A possible explanation for the increased MM in MS patients may be altered functional pathways in the corpus callosum due to strategically located demyelinating plaques, resulting in interhemispheric inhibition dysfunction even before any morphological changes in commissural fibers are established. Cabib et al. (7) investigated mirror activity in MS patients using EMG and found enhanced EMG activity in contralateral homologous muscles, as well as significant diffusivity changes in the corpus callosum via diffusion tensor imaging in MRI studies, not measured in our routine MRI. Similarly, in ALS patients with MM, Wittstock et al. (22) did not find diffusion changes in the corpus callosum despite prolongation of latency or loss of the silent period in MEP studies, suggesting that disruptions in transcallosal pathways, as measured through TMS, may precede microstructural alterations in the corpus callosum. In contrast, in our study we observed a co-occurrence of increased MM and morphological changes in the corpus callosum (reduced nCCA) in MS patients, which precedes functional changes measured by TMS, not different between patients and controls.

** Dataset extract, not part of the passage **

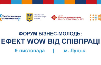Форум «Бізнес-молодь: ефект WOW від співпраці» відбудеться 9 листопада у Луцьку в рамках ініціативи «Український пакт заради молоді-2020»

Other structures than the corpus callosum may contribute to the origin of MM in MS patients. Liu et al. (1) reported a deactivation of a non-mirroring inhibitory network in Parkinson patients (dorsolateral prefrontal cortex, presupplementary motor area) – areas that may also be affected by juxtacortical inflammatory lesions in MS patients. Functional magnetic resonance imaging (fMRI) studies in poststroke patients (23) have reported increased activity in the non-lesioned sensorimotor cortex, with MM in the non-paretic hand attributed to activity in the contralesioned sensorimotor area via the crossed corticospinal tract - a possible mechanism in patients with MM. We observed a non-significantly higher volume of juxtacortical and periventricular lesions in patients with MM > 1 compared to patients with MM 0/1. It would be of interest whether lesion volume in specific areas (e.g. the dorsolateral prefrontal cortex and the presupplementary motor area) may contribute to MM. However, no specific cortical areas causing MM have been identified so far.